Here's how my mind works at this point: it needs HTML/CSS/JS to show at least a simple list of items being tracked, an API to get items from the database, a database of course, and perhaps some kind of background processing thing for the scraping and notifications. So...
Did I get the tech stack right!? Off I go.
I built the browser extension, built the API to get items through both ways, built a background worker that wakes up every two hours and downloads the HTML page for each stored item and built another background worker that parses all these HTML documents searching for updated prices. I even built a small use-and-discard HTTP proxy repository to get away unnoticed with my scraping but I'm saving it for another blog post.
I think I had a working version after one week of coding during my free time (mostly evenings), because Rails ❤️.
I chose to put it all in one server in order to keep things smooth and simple, which means PostgreSQL, Rails, Redis and Sidekiq sharing a single CPU and 1.70GB of memory.
First deploy with just PostgreSQL and Rails went fine, then I added Sidekiq and Redis and the thing just blew up unexpectedly during the deploy - I was using Capistrano. After more than 1 hour of frustration, I finally figured out that my server was out of memory while trying to compile assets and spawn fresh copies of Rails and Sidekiq.
I shouldn't be compiling assets in the production server to start with, but that's how Capistrano works by default. I could also perhaps have spent some time trying to find a way to restart the app in a more memory efficient manner but I felt that I would be fighting against the technology I had imposed on myself. Plus, any time spent on this particular issue felt worthless to me.
So, next up in Google Cloud was a 3.75GB virtual machine which I imagined would be enough for now. As a side note, I was on Google Cloud because I had heard good stuff about it, plus I was planning to use Google Cloud Functions in a later stage and being in the same cloud provider would eliminate network transfer costs.

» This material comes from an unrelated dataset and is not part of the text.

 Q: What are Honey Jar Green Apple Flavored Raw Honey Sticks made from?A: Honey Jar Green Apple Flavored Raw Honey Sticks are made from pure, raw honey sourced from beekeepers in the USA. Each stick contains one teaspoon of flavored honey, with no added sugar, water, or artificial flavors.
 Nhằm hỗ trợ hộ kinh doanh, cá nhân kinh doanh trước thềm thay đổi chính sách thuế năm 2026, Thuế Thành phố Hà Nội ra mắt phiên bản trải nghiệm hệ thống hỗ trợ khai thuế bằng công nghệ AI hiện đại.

...until I saw the bill 💰💰💰😐.
Paying as much as USD 24.27 /month (at the time of this writing) to keep alive a low-effort side project was a total waste of money, even more so because the server itself wasn't doing much and sitting still for most of the time. On the other hand, I needed an expensive amount of memory available to accommodate the baseline memory requirements for Puma/Rails and Sidekiq.

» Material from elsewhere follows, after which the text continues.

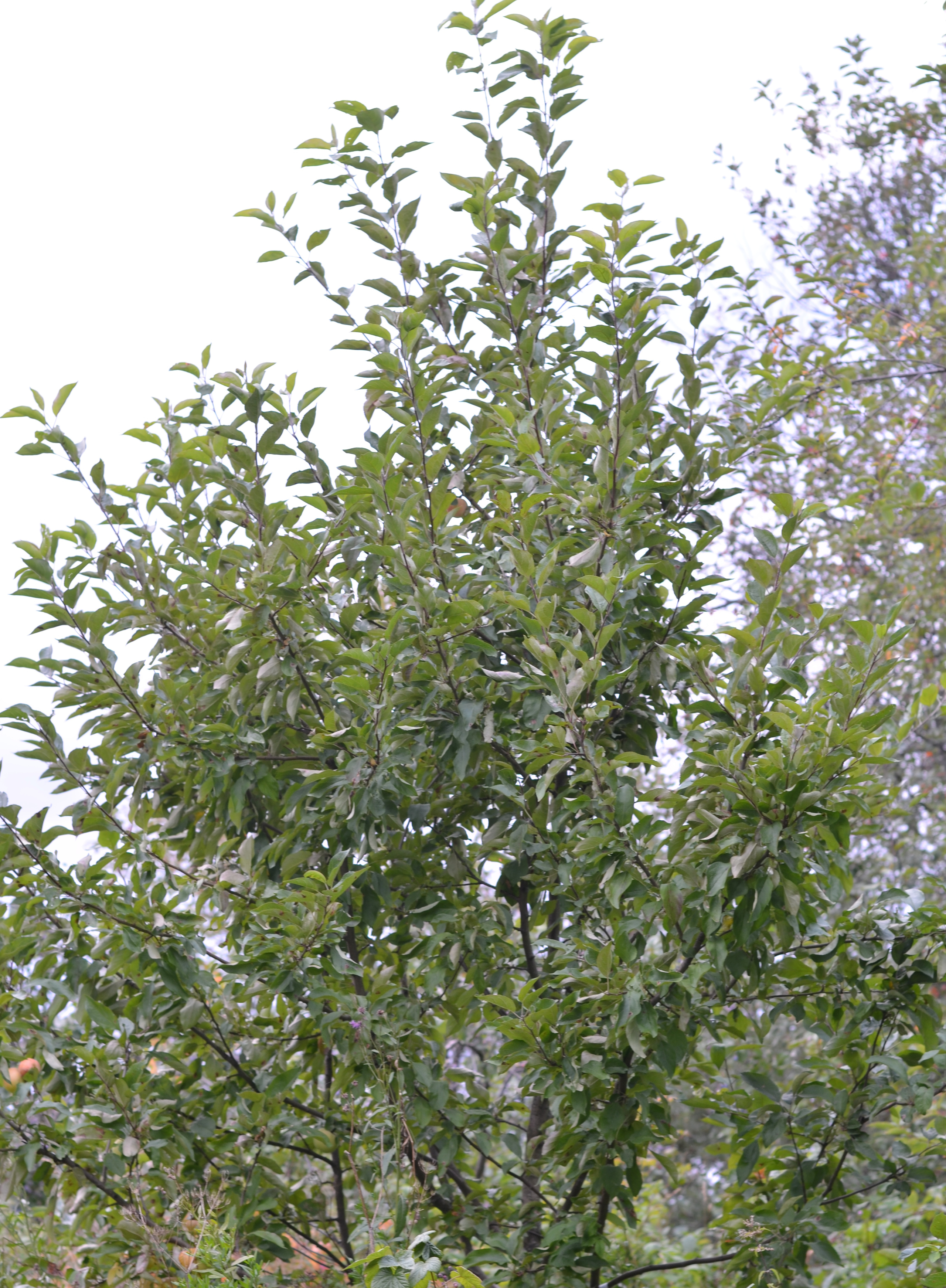 Вероятнее всего что-то из ассортимента питомника "Сады Урала". Попробовал упавшие яблоки - еще не созрели, во вкусе преобладает кислота. Ветви, отходя от ствола, поднимаются вертикально, листья удлиненные.

It would make sense for a startup company who is committed to a project to pay such a small amount (in these terms) because the compensatory added value in the form of development speed is far superior. There's this controversial article by Rail's creator DHH about Ruby being fast and cheap enough for companies (I agree to a certain extent).
It wasn't the case for me though, I wasn't burning VC money, hadn't committed to any sort of deadline and I didn't have any salaries to pay so I was prepared to bring down my development speed in exchange for a less expensive infrastructure.
Luckily, I've been doing scaling and optimisation on a Rails-based system for the last 2 and a half years as part of my full time job. I learned valuable lessons about knowing my systems before thinking about optimisations by monitoring every workflow, hunt for bottlenecks, deeply understand the underlying workload patterns (are they fundamentally synchronous, can they be concurrent, who depends on who, etc) and finally tracking down who's stealing the most of your CPU and memory resources.
This acquired experience made me look at my price tracker in a sort of zoomed out version of the system, where the specific parts such as classes and objects and how they interact with each other were not important anymore. Instead, what became relevant to me was how the system could be divided into high level concerns, how these concerns were represented and how they were interacting with each other.
In the end I realised that my price tracker could be divided in four separate concerns:
1\ The Web Server's job was to provide a way for users to manage item lists. This component was just a standard stateless HTTP server, in which each request is 100% isolated from other requests. This is very important because it tells us that they are allowed to run concurrently. Since its main job was to insert and retrieve stuff from a database, most of its execution time was being spent waiting on I/O operations.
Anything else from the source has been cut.